One of the first steps in a personal injury lawsuit is for the plaintiff to serve

the defendant with an original notice and a copy of the petition. Ordinarily, this

step needs to be completed within ninety days after the lawsuit is filed. In many

cases, this step requires relatively little effort. But not in this case.

In this case, the defendant seems to have no fixed address. He may have

experienced homelessness. Regardless, the plaintiff has struggled to serve him.

Eleven months after the lawsuit was filed, the defendant still hadn’t been served.

Ultimately, the district court permitted the plaintiff to serve the defendant

vicariously, that is, by serving an attorney who had been hired by the defendant’s

liability insurance carrier to represent the defendant. The attorney then applied

for interlocutory review on behalf of the defendant. We granted the application.

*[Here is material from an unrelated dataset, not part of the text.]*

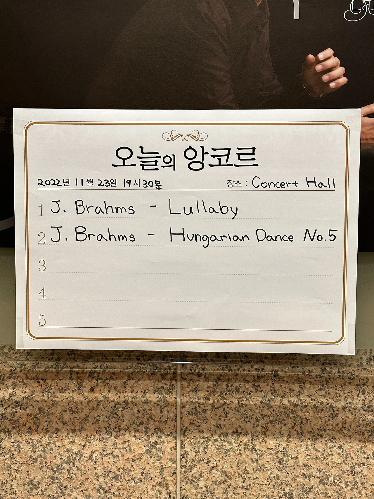 그렇게 끝나는 줄 알았는데 앵콜로 둘이 같이 들어와서 너무나 신났다!! 오늘 예권님 헤어 스타일은 상당히 낯설고 신기했는데 요즘 유행인가여 ㅋㅋ 둘이 너무 오붓하게 브람스 자장가와 헝가리 무곡 포핸즈로 연주.. 중간에 자리 바뀌었다고 피아노 의자 바꾸는 랑랑 너무 웃겼음 ㅋㅋ

Soon after, the plaintiff moved to dismiss the appeal as moot because the plaintiff

had personally served the defendant while the application for interlocutory

review was pending. A single justice denied the motion.

Now we consider three questions. First: Should the district court have

dismissed the case because the plaintiff failed to timely serve the defendant?

Second: Did the district court err by permitting the plaintiff to serve the attorney

rather than the defendant? Third: What effect, if any, should be given to the

plaintiff’s personal service of the defendant while the application for interlocutory

review was pending?

As to the first issue, we conclude that the district court was not required

to dismiss the case. The plaintiff’s efforts to achieve service—plus the difficulty

of serving a defendant with no known address—combine to provide good cause

to extend the time for service. 3

As to the second issue, however, we conclude that the district court erred

in ordering service on the attorney. Although the insurer hired the attorney to

protect the defendant’s interests, there’s no evidence that the attorney has had

actual contact with the defendant. As far as we know, they are strangers. So we

cannot say that serving the attorney would provide the defendant with the notice

that due process requires.

As to the third issue, we conclude that the plaintiff’s personal service of

the defendant while the interlocutory review application was pending should be

treated as timely service. Within ten days after the issuance of procedendo, the

plaintiff must file a certificate of this service in the district court. Defendant

Warhol’s time to move or answer under Iowa Rule of Civil Procedure 1.303(1) will

run from the filing of the certificate of service in the district court.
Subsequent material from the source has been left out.